The expected complexity or cost is exactly the same quantity minimized in risk-sensitive or KL control (Klyubin, Polani, & Nehaniv, 2005; van den Broek, Wiegerinck, & Kappen, 2010), and underpins related variational formulations of bounded rationality based on complexity costs (Braun, Ortega, Theodorou, & Schaal, 2011; Ortega & Braun, 2013). In other words, minimizing expected complexity renders behavior risk-sensitive, while maximizing expected accuracy induces ambiguity-sensitive behavior. In short, expected free energy covers nearly all measures that have been proposed to explain adaptive behavior, and has each as a special case.

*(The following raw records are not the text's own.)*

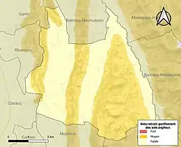 Le retrait-gonflement des sols argileux est susceptible d'engendrer des dommages importants aux bâtiments en cas d’alternance de périodes de sécheresse et de pluie[30]. 53,5 % de la superficie communale est en aléa moyen ou fort (59 % au niveau départemental et 48,5 % au niveau national)[Carte 3]. Depuis le , en application de la loi ELAN, différentes contraintes s'imposent aux vendeurs, maîtres d'ouvrages ou constructeurs de biens situés dans une zone classée en aléa moyen ou fort[Note 5],[31].
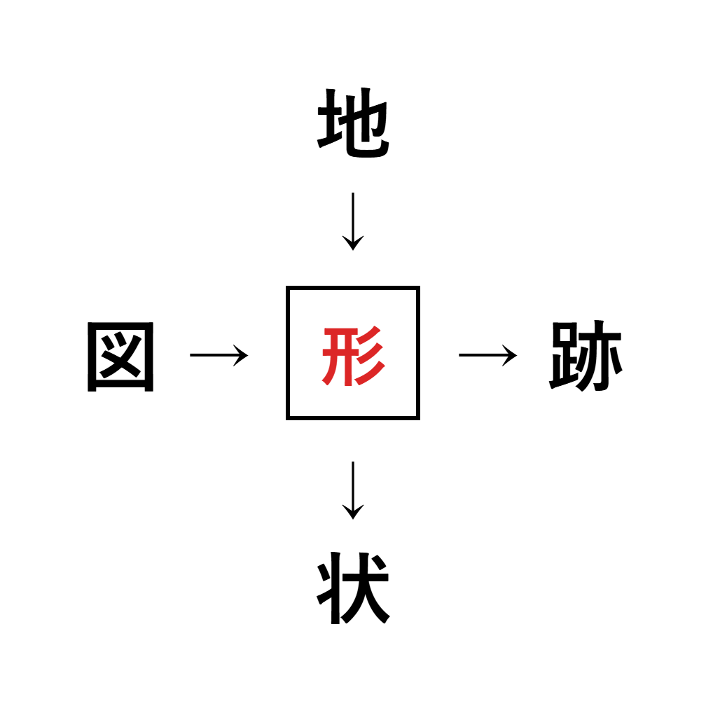 地形・形跡・形状・図形のように、共通する漢字は「形」です。
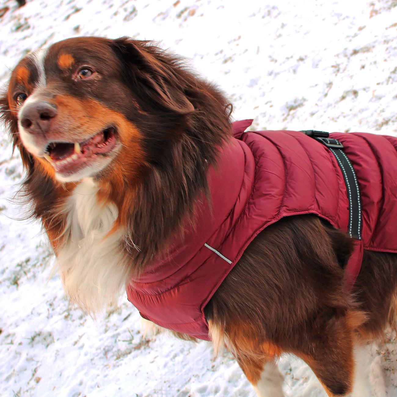 Our Puffer Coats are perfect for all types of outdoor adventures. Made with a waterproof exterior, this coat is perfect for keeping your dog warm and dry. Lined with thick fleece and filled with warm fiber insulation, your pup will be ready to take on the trail ahead. We have worked tirelessly to ensure a perfect fit for dogs of all shapes and sizes; from a 3-pound pup to a 150-pound pooch, the Puffer Coat is sure to be a perfect fit every time. Featuring a simple design that slips over the dog’s head and a quick snap of the adjustable buckle over the back with a leash hole for easy walking.
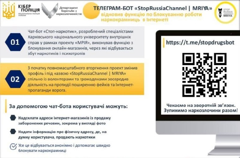 Чат-бот «StopRussiaChannel | MRIYA» відновив функцію з блокування роботи наркокрамниць в Інтернеті
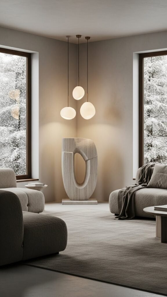 When you choose minimal artwork and sculptural lighting, think of each piece as a design punctuation mark that clarifies the room’s mood without shouting for attention.
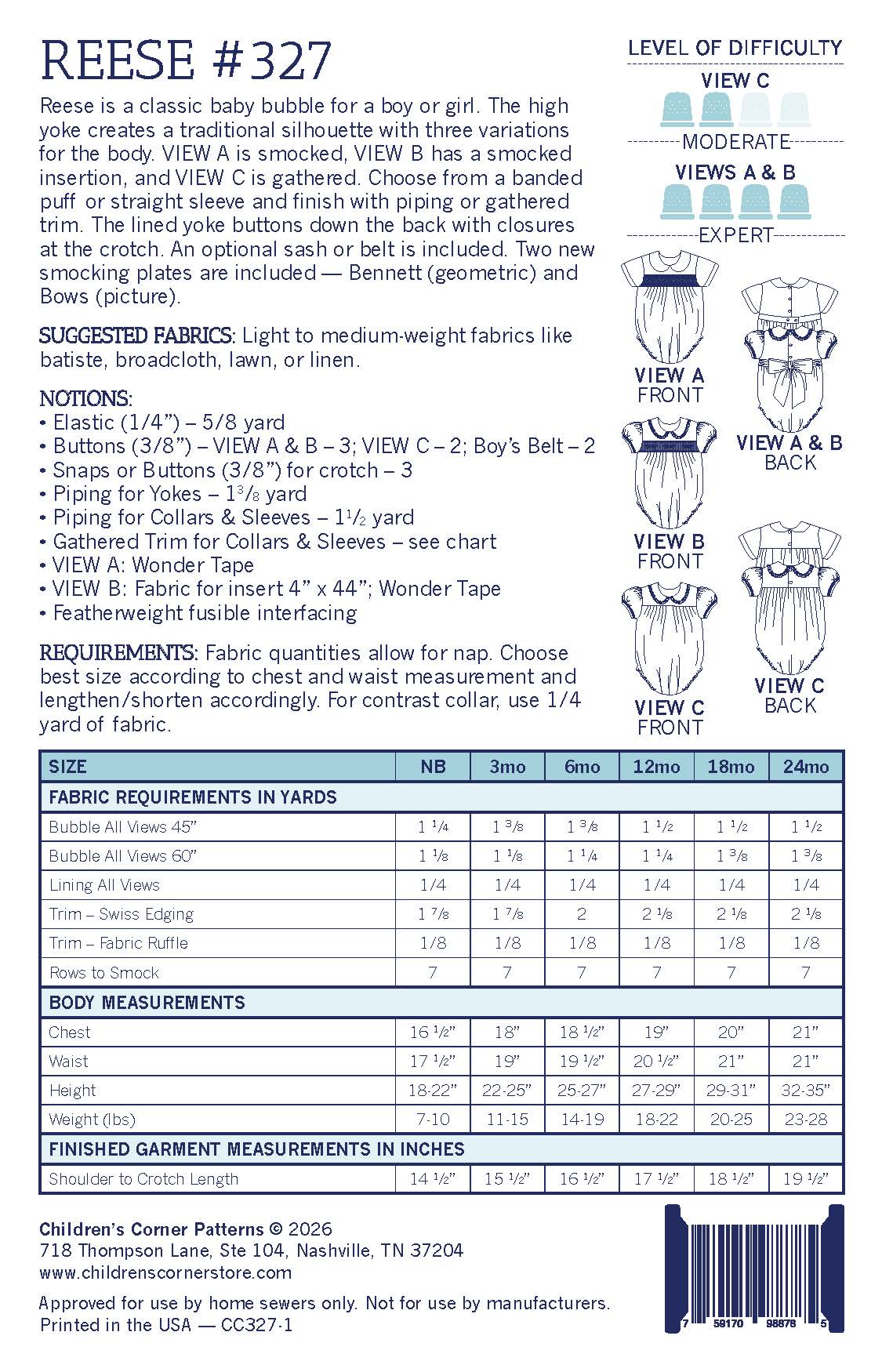 You don't want to miss out on this exclusive package for classic Children's Corner Pattern #327 Reese! This pack includes brand new & exclusive products. Available while supplies last.
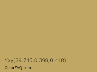 Yxy 39.745,0.398,0.418 Color is a normal orange color and the nearest color is Husk #b7a458. Hex code #c0a763 and RGB value is rgb(192,167,99). In RGB color space, this color is composed of 75% red, 65% green, 39% blue, In CMYK color space, this color is composed of 0% cyan, 13% magenta, 48% yellow , 25% black , In HSL color space, this color has a hue angle of 44° , 42% saturation and 57% lightness.
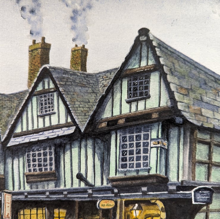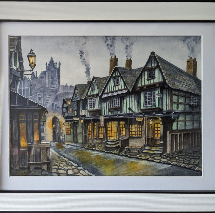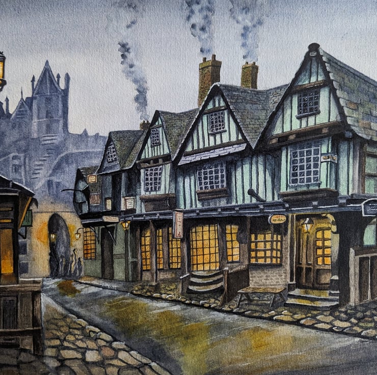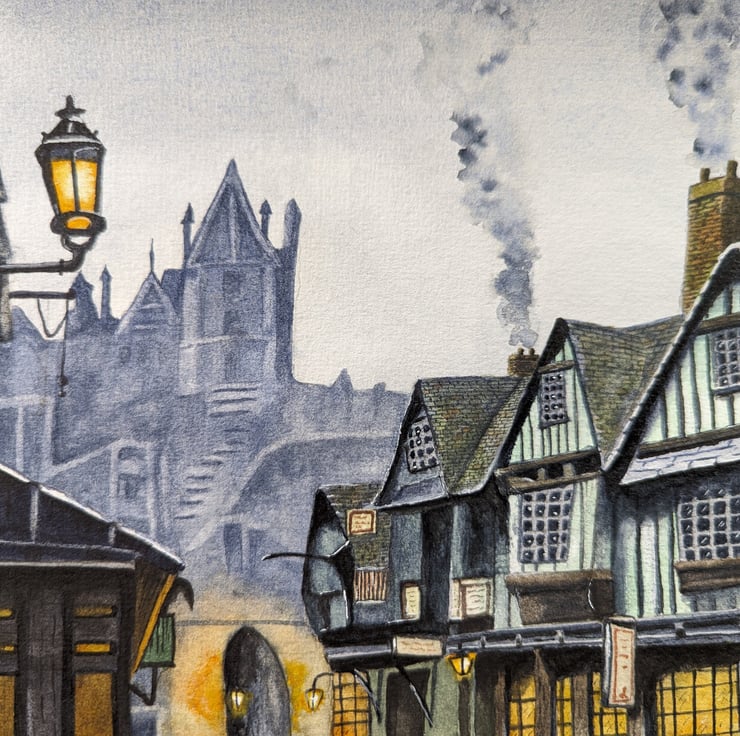 An A4 (297mm x 210mm) print of my original watercolour of Harry Potters Hogsmeade Diagon Alley, with Hogwarts in the background.
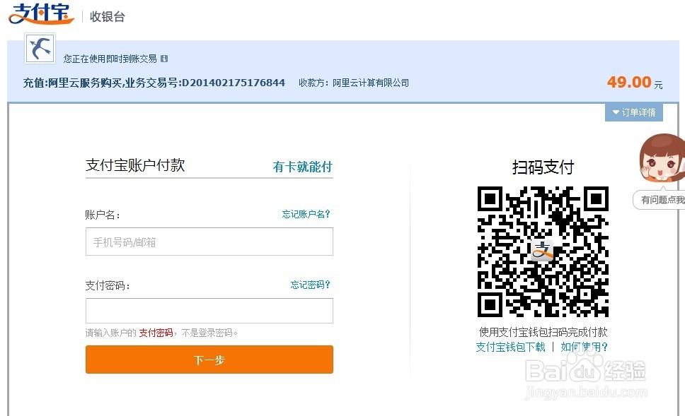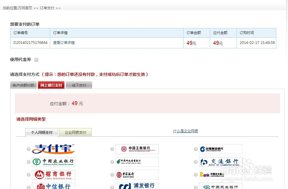 5/7选择一个支付方式,我一般都是使用支付宝支付的。也可以使用网银支付宝。
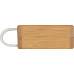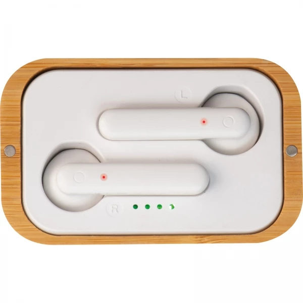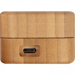 Bezprzewodowe słuchawki douszne z Bluetooth 5.0. Bambusowe etui jest jednocześnie stacją ładującą USB. Zasięg do 10 metrów, czas ładowania ok. 1 godziny, czas pracy 2-3 godziny i bateria 300 mAh.
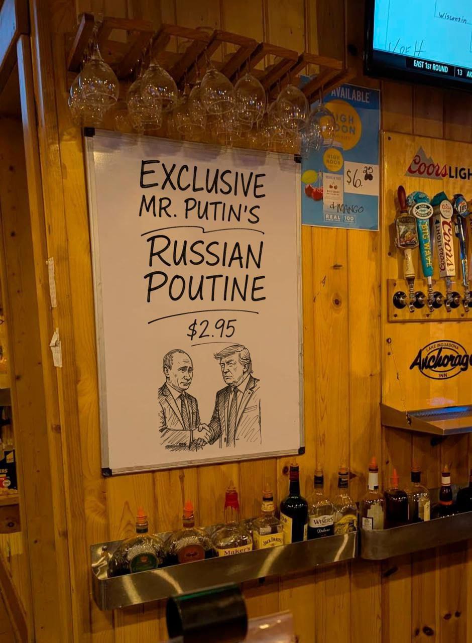 В баре города Гирдвуд на Аляске, где может состояться встреча Трампа и Путина, ввели «эксклюзивное блюдо мистера Путина». Канадское блюдо Poutine – местная разновидность картошки фри с соусом.
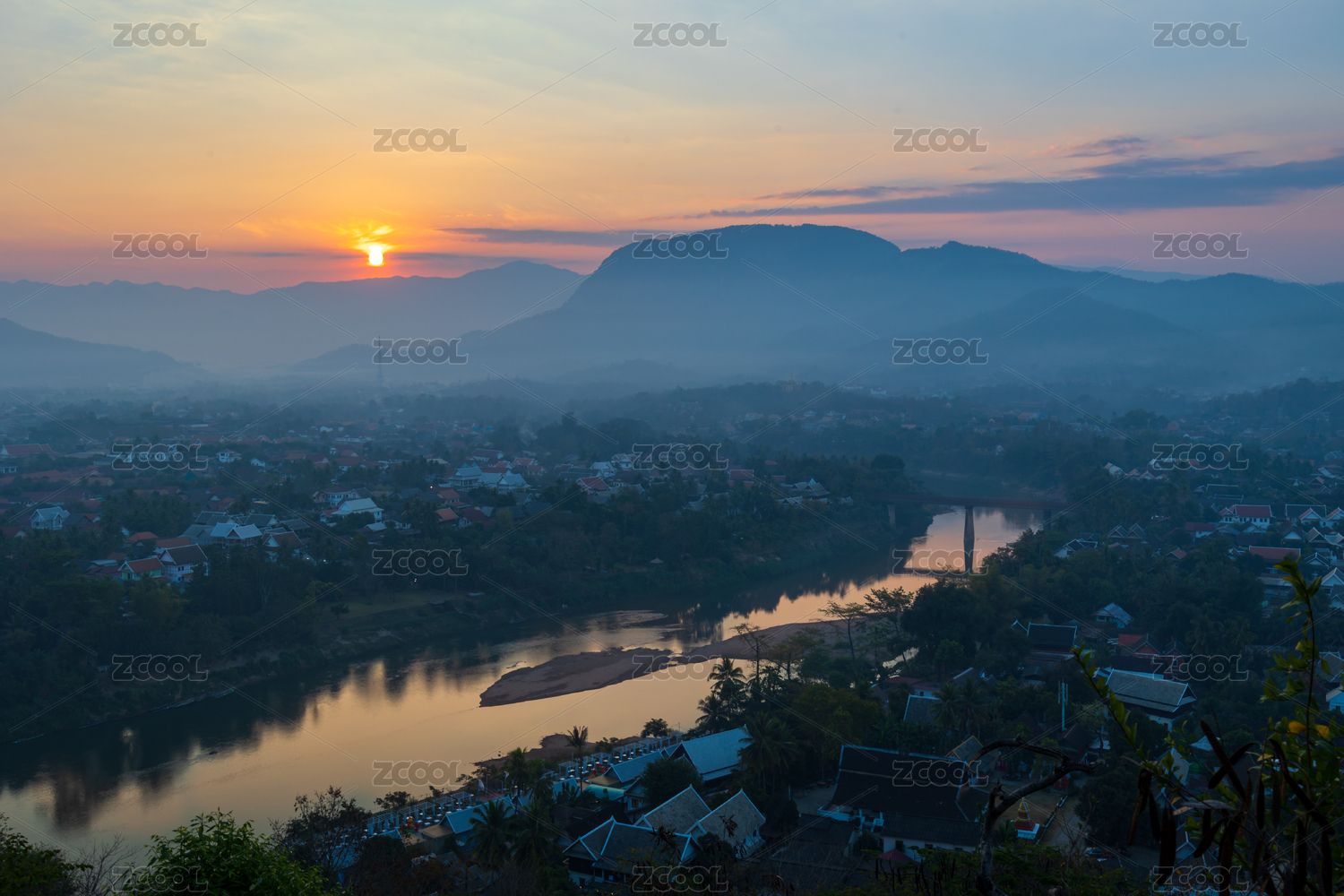 清晨時的老撾瑯勃拉邦鄉(xiāng)村

In summary, the above formalism suggests that expected free energy can be carved in two complementary ways. First, it can be decomposed into a mixture of epistemic and extrinsic value, promoting explorative, novelty seeking, and exploitative, reward-seeking behavior, respectively (Friston, Rigoli et al., 2015). Equivalently, minimizing expected free energy can be formulated as minimizing a mixture of expected cost or risk and ambiguity. This completes our description of free energy. We now turn to belief updating that is based on minimizing free energy under the generative model we have described.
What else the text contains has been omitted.